The involvement in the sport of track comes naturally for the younger Mays, who has been exposed to it since he was born. His father, Charlie Mays, is a legendary name in
New Jersey track history. A nine-time Amateur Athletic Union champion in the long jump and six-time champion in the 440-yard dash, Mays was a member of the United States' 1968 Olympic Team in Mexico City as a long jumper. The younger Mays was an infant when his family attended his father’s Olympic trials in Lake Tahoe in 1968.

His father was selected as an AAU All-American 11 times and was named the AAU Track and Field Athlete of the Year on three occasions. In college at Maryland State College (now Maryland-Eastern Shore), he was ranked No. 1 in the world in the indoor 500-yard dash. He was a two-time NCAA champion in the long jump and the mile relay.

The elder Mays, a current member of the
Jersey City council for six years and an inductee into the Hudson County Hall of Fame is entering his seventh season as an assistant coach at Seton Hall University, where he has been since January 1998. He was an assistant coach for the Gothic Knights indoor and outdoor women’s programs at then-Jersey City State College (now NJCU) during the 1996-97 season under Griffin.

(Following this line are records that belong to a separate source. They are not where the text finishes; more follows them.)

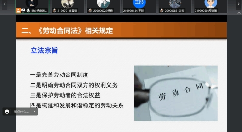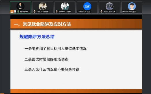 在疫情封控的情况下开展的本次讲座,为学生们打了一剂提防针,在实习就业过程中要警惕陷阱,提高意思,筑牢安全防线。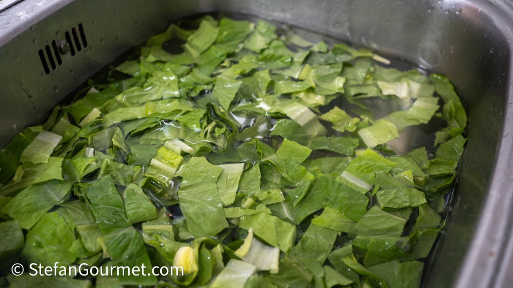 Slice the Romaine lettuce into strips and wash and dry them.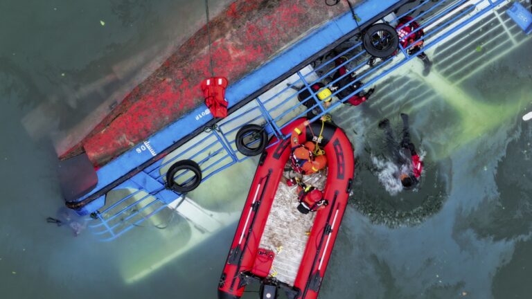 In this photo released by Xinhua News Agency, rescuers conduct a search…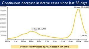 The country has also been witnessing a continuous fall in the active caseload. The country’s Active Caseload on June 20, 2021, was 7,29,243, a net decline of 30,776 cases in last 24 hours and accounted for only 2.44% of the total Positive Cases ( 2,98,81,965) on June 20, 2021.

The younger Mays lists his father as his hero.

“He never forced me or pressured me to do anything in the sport,” the younger Mays said in describing his father’s influence. “He just let me be me as a kid. In fact, I originally played baseball when I was growing up. I’ve just grown to love the sport of track & field. Now, he’s not just my father, he’s a teacher. He’ll quiz me on technical issues involved with coaching the sport, such as what I would do with an athlete in a certain situation, or how I would have a kid train.”


A May 1990 graduate of the University of Maryland-Eastern Shore with a Bachelor of Science in General Studies, and a concentration in Business Administration, Mays attended the Princess Anne, MD school on a track & field athletic scholarship from 1986-90. During his career with the Hawks, he captured the indoor and outdoor Mid-Eastern Athletic Conference (MEAC) championships during the 1989-90 season as part of the men’s 4x400-meter and sprint medley relay teams.
 


Mays
is
currently employed full-time for the Jersey City Police Department as a Senior Records Management Representative, a position he has held since 1996. There he handles the documentation of criminal incidents and investigations, programs departmental computer equipment, and trains other employees on various system programs.